Set the listing down again exactly, please, apart from its pictures.

--- Data excerpt Enclosed Below ---

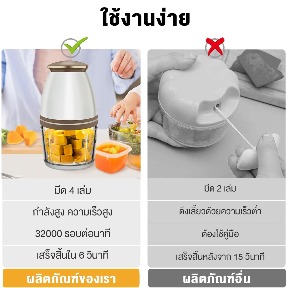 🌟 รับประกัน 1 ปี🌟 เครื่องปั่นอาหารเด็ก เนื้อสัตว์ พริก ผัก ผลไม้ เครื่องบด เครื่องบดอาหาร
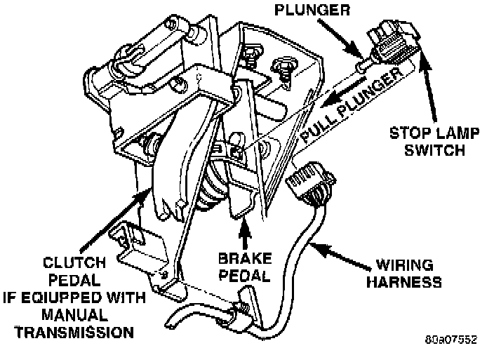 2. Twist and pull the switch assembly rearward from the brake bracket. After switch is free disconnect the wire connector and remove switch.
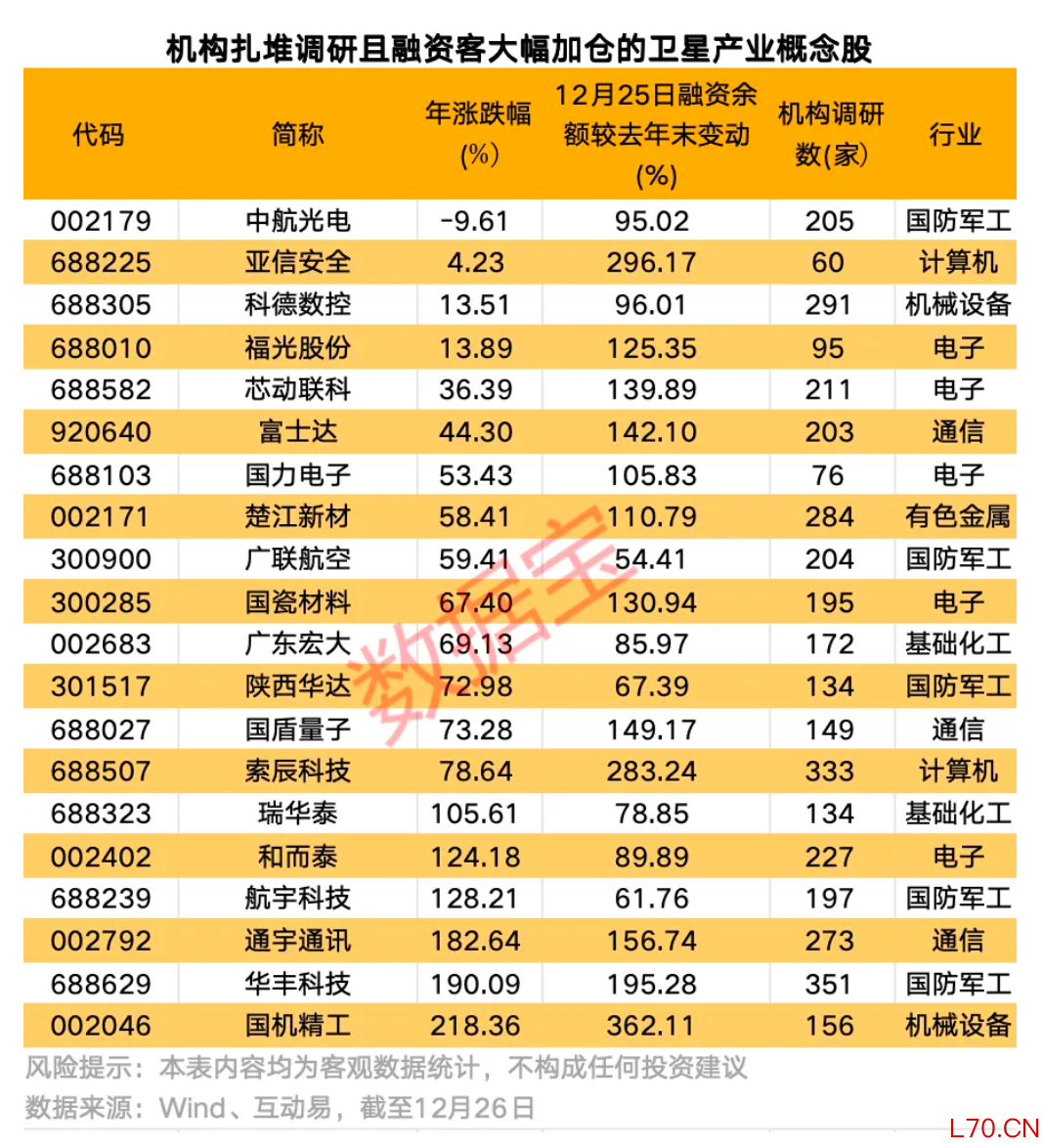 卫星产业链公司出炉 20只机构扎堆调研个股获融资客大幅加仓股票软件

--- End of Enclosed Data excerpt ---

### Written solution
 🌟 รับประกัน 1 ปี🌟 เครื่องปั่นอาหารเด็ก เนื้อสัตว์ พริก ผัก ผลไม้ เครื่องบด เครื่องบดอาหาร
 2. Twist and pull the switch assembly rearward from the brake bracket. After switch is free disconnect the wire connector and remove switch.
 卫星产业链公司出炉 20只机构扎堆调研个股获融资客大幅加仓股票软件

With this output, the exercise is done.